• _WHAT THIS TASK INVOLVES_
Repeat the listing that follows exactly. Pictures are not part of the copy.

• _DATA SEGMENT_

== == ==

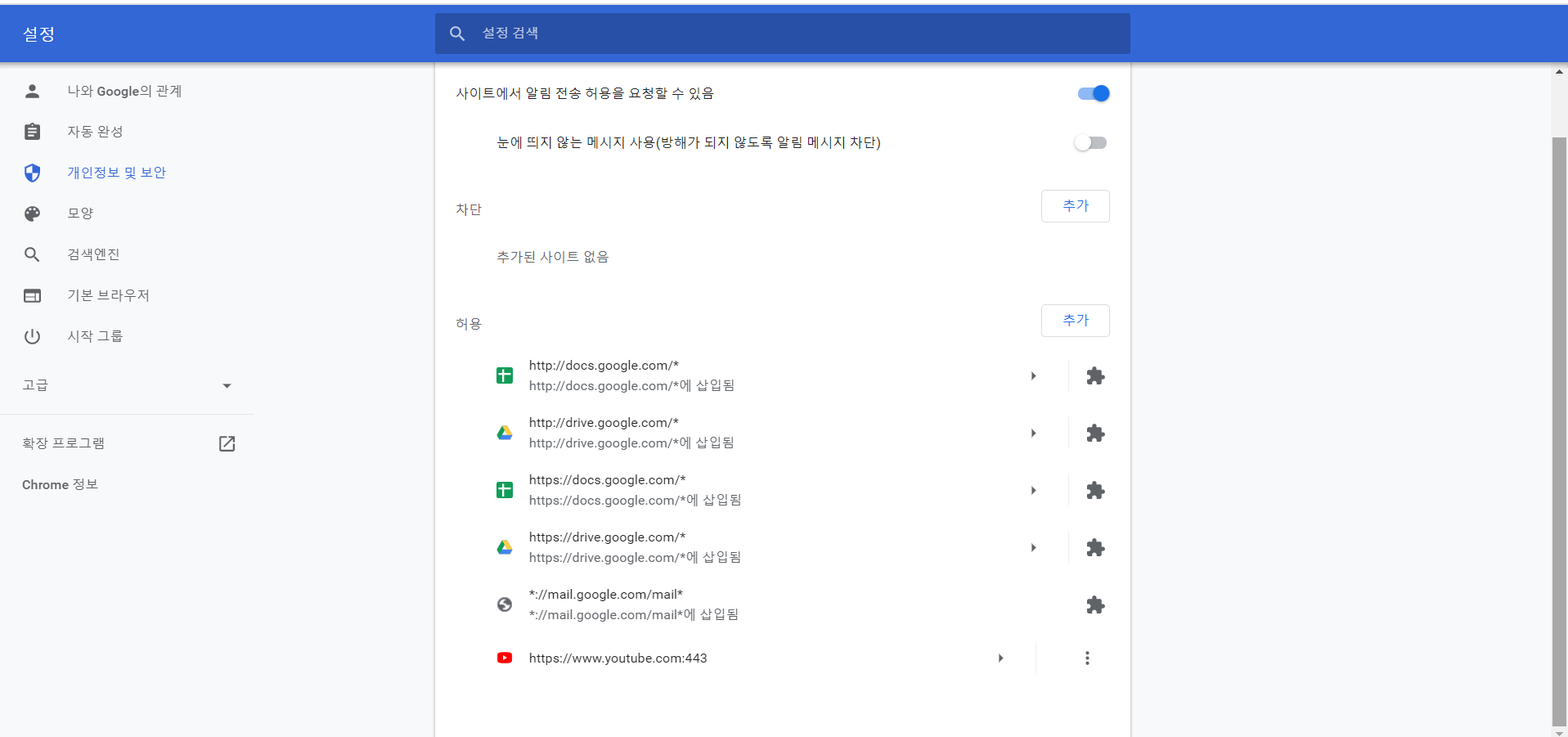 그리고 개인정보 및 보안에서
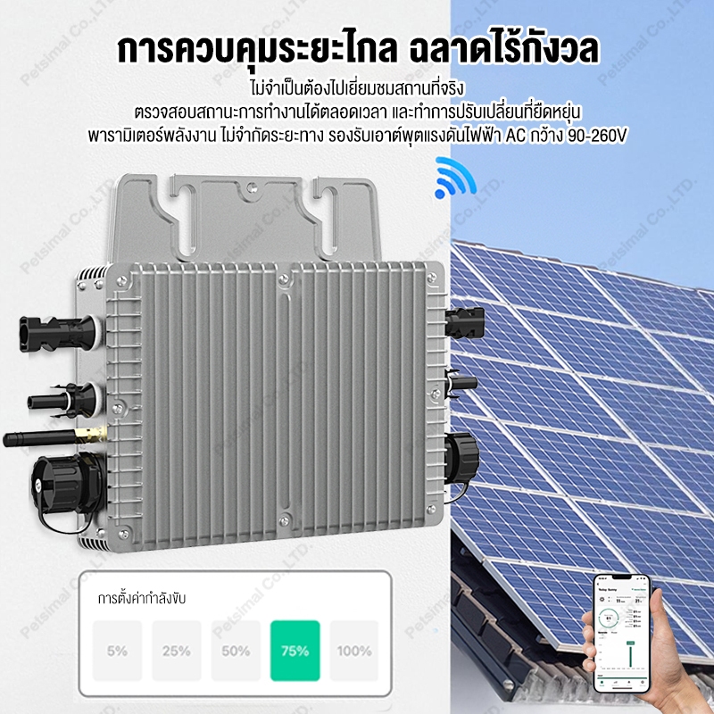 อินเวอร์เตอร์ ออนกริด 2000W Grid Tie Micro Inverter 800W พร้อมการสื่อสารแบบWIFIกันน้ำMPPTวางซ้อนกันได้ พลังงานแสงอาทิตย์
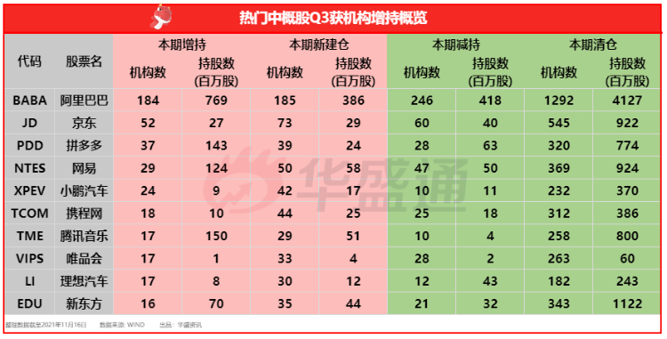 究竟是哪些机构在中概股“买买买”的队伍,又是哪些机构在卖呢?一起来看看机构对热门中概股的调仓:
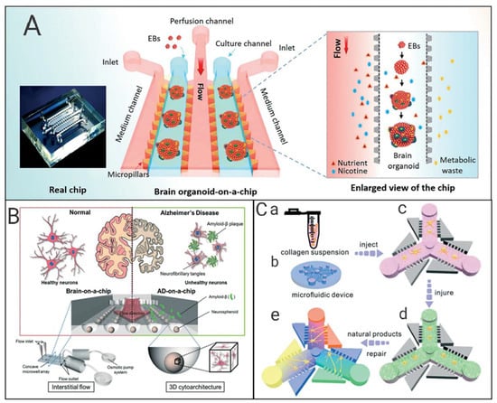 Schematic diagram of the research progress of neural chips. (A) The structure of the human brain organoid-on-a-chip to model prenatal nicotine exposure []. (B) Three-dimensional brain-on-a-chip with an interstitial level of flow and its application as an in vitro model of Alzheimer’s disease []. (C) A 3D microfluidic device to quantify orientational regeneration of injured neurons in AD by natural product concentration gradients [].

== == ==

• _OUTPUT OF THE TASK_
 그리고 개인정보 및 보안에서
 อินเวอร์เตอร์ ออนกริด 2000W Grid Tie Micro Inverter 800W พร้อมการสื่อสารแบบWIFIกันน้ำMPPTวางซ้อนกันได้ พลังงานแสงอาทิตย์
 究竟是哪些机构在中概股“买买买”的队伍,又是哪些机构在卖呢?一起来看看机构对热门中概股的调仓:
 Schematic diagram of the research progress of neural chips. (A) The structure of the human brain organoid-on-a-chip to model prenatal nicotine exposure []. (B) Three-dimensional brain-on-a-chip with an interstitial level of flow and its application as an in vitro model of Alzheimer’s disease []. (C) A 3D microfluidic device to quantify orientational regeneration of injured neurons in AD by natural product concentration gradients [].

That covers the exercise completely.